Ces interventions, qu'elles comparent ou combinent les modalités diététiques et comportementales en activité physique, ont fait preuve d'efficacité à plusieurs reprises, en particulier sur des personnes intolérantes au glucose. L'une des études pour laquelle le recul est le plus important est l'étude chinoise Da Qing qui a démontré après 6 ans d'intervention uniquement par l'exercice physique une diminution de 49% [31% - 83%] du risque relatif de développer le DT2 durant les 20 années de suivi par rapport au groupe contrôle. Cet impact était du même ordre avec la combinaison de mesures diététiques et de programme d'activité physique, et avec les mesures diététiques seulement (42% [38% - 89%] et 34% [41% - 109%], respectivement, Li et al., 2008). Les essais randomisés sur des effectifs plus réduits, comme des programmes de reconditionnement physique en milieu médicalisé, sont également intéressants pour mieux appréhender les mécanismes physiologiques des adaptations fonctionnelles.
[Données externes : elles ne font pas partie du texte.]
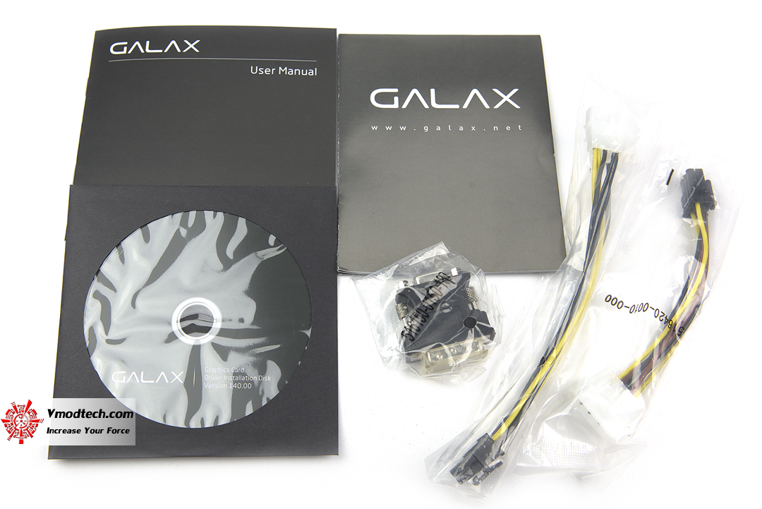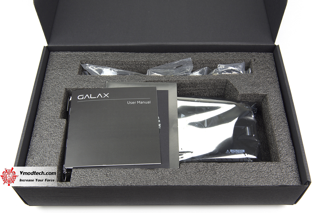 กล่องของ GALAX GTX 970 BLACK EXOC SNIPER EDITION นั้นออกแบบด้วยแพทเทิร์นสีพื้นฐานคือดำแดง ภายในกล่องนั้นก็จะมีคู่มือแผ่นพับ หัวแปลง DVI เป็น D-SUB หนึ่งหัว และหัวแปลงไฟจากโมเร็กเป็น PCIe อีกสองเส้นครับ
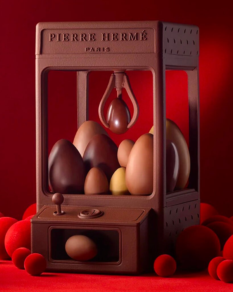 Pour la saison pascale 2026, la Maison Pierre Hermé Paris transforme la mythique machine « attrape-peluches » des fêtes foraines en une pièce d’exception monumentale. Baptisée « Pur Hasard », cette création de près de 7 kilogrammes détourne les codes ludiques de l’enfance pour les porter au sommet de la haute chocolaterie.

Cependant, elles sont trop coûteuses pour être étendues à large échelle, surtout en prévention primaire. De nombreuses équipes ont privilégié la pertinence à la validité, en s'intéressant aux interventions à caractère communautaire, où priorité est donnée à la généralisation à long terme et à grande échelle (via la réduction des coûts et l'inscription dans l'environnement du participant), quitte à perdre en homogénéité des durées et intensités de pratique entre les participants. La majorité de ces études manquent de puissance statistique et n'ont pas pu se dérouler sur des durées suffisamment longues pour, à ce jour, mettre en évidence d'éventuels changements significatifs en matière d'incidence des pathologies cardiométaboliques ou de variations significatives de marqueurs biochimiques du contrôle métabolique ou du risque cardio-vasculaire. Pourtant, certains auteurs ont réussi ce challenge de la mise en place d'étude randomisée contrôlée en s'appuyant sur la démarche

communautaire. Ainsi, Lombard et al. ont démontré qu'un programme combinant contact personnel et suivi à distance permet le contrôle de la masse corporelle de jeunes mères avec un bon rapport coût-efficacité (Lombard et al., 2010). Il nous semble important que ce type d'étude soit mené également sur nos territoires, et nous pensons que cela serait possible avec la systématisation de l'évaluation rigoureuse des actions de santé publique.